Serve The Home recently revealed that Lenovo uses AMD Platform Secure Boot, also known as AMD PSB, for their desktop platforms, especially the AMD Ryzen PRO-based systems to vendor lock the processor to their brand lines. The website has run a few features on the vendor locking process, and a recent video from the site on YouTube explains the purpose of AMD PSB and the advantages and disadvantages of the process.

Lenovo vendor locks AMD Ryzen PRO-based systems with AMD Platform Secure Boot

In Serve The Home's recent video, they display a Lenovo ThinkPad desktop computer system, the Lenovo M75q Tiny Gen2, equipped with the processor onboard. The processor shows to be vendor locked to Lenovo systems specifically. Still, upon looking at the processor, the user would not distinguish it from an identical processor located on a separate system. The process uses AMD's Platform Secure Boot, and in the video below, the hardware site explains in detail why Lenovo would lock the processor to their systems and not others.

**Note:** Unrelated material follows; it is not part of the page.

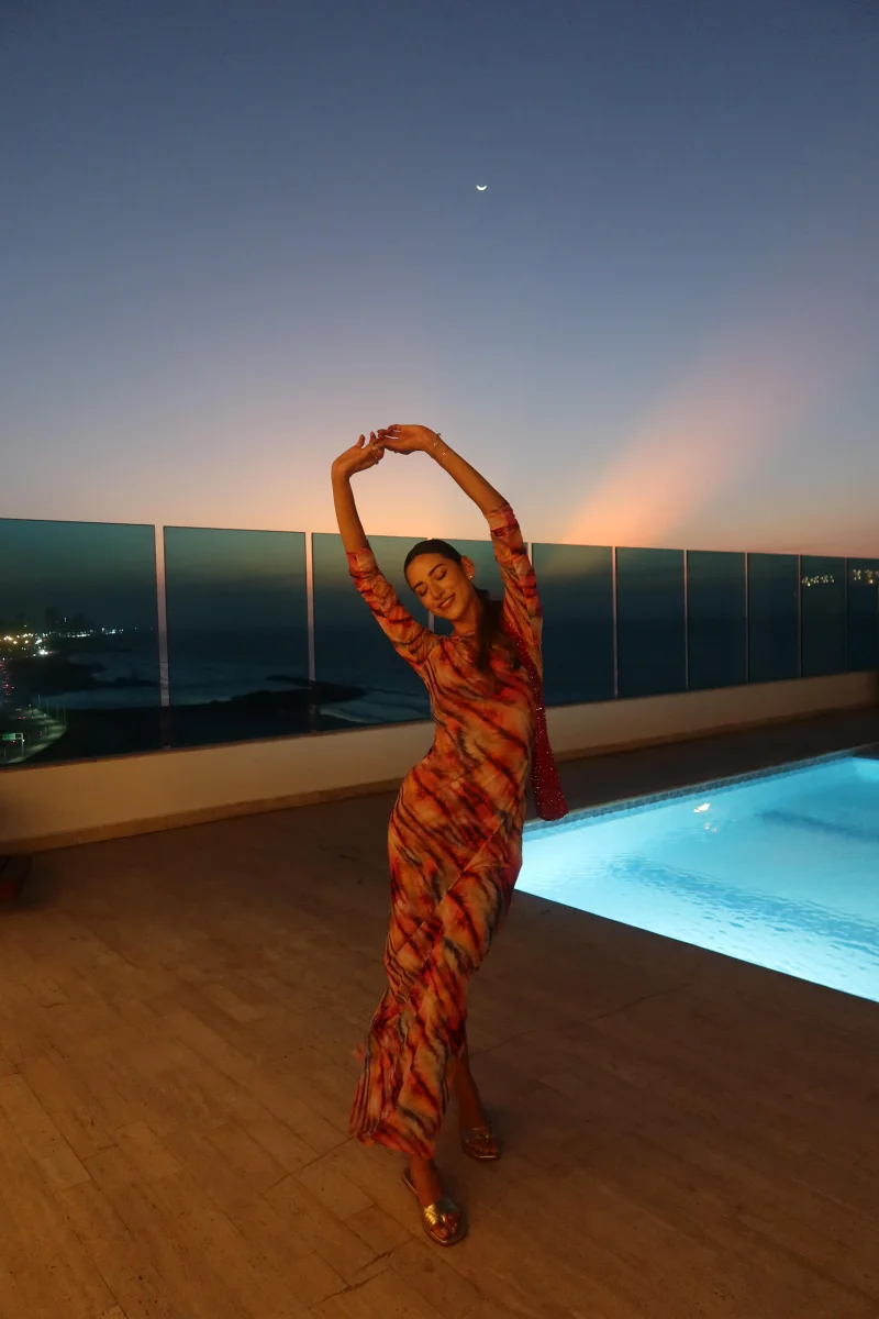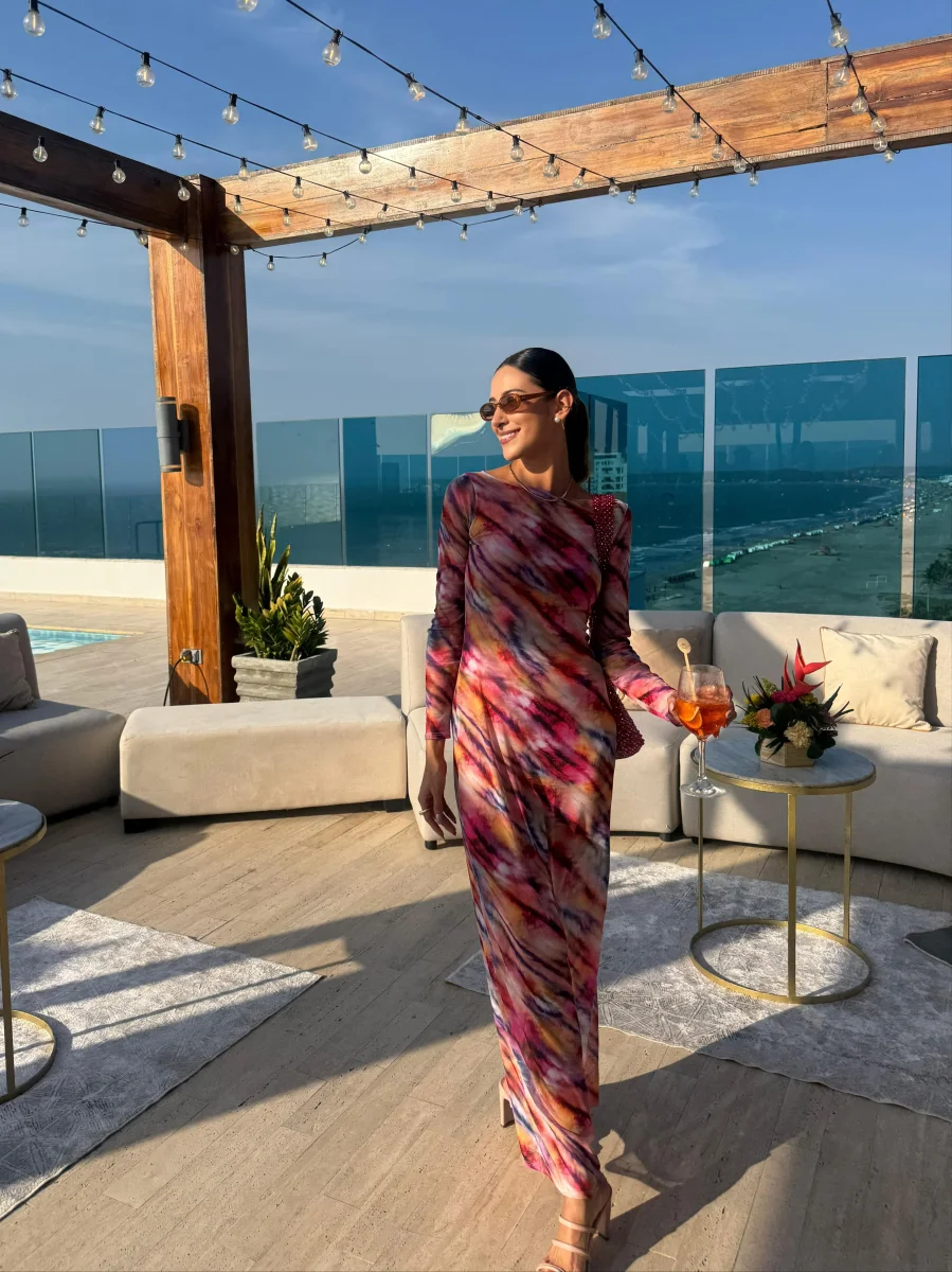 Vestido manga larga. Elaborado en tela maya multicolor.

Related Story AMD Reveals Open-Sourcing Of Additional Radeon GPU Stacks, On-Track To Debut This Year

Patrick Kennedy, owner of the YouTube and website Serve The Home, has covered the impact of AMD PSB on the AMD EPYC processors in 2020. The specific AMD EPYC processors Kennedy mentions are used on the server-level systems, with Dell initially adopting the vendor locking for their designs.

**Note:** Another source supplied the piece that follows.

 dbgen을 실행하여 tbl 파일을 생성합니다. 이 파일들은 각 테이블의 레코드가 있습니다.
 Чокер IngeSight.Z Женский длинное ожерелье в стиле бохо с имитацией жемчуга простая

AMD explains their PSB technology in a security white paper from 2021, "AMD RYZEN™ PRO 5000 SERIES MOBILE PROCESSORS, MAKING DEFENSES COUNT: DESIGNING FOR SUBSTANTIAL DEPTH," written by Akash Malhotra, Head of Product Security and Strategy Group for AMD.

AMD Platform Secure Boot (PSB) provides a hardware root of trust (RoT) to authenticate the initial firmware including BIOS during boot process of the device. When a system powers on, ASP executes the ASP boot ROM code, which then authenticates various ASP boot loader code before initializing silicon and system memory.

Once system memory is initialized, ASP boot loader code verifies the OEM BIOS code, authenticating other firmware components before the OS is booted.

PSB enforces platform integrity by providing stronger protection from rogue or malicious firmware, automatically denying them access upon detection. AMD PSB helps provide seamless and secure transition from low-level firmware to OS.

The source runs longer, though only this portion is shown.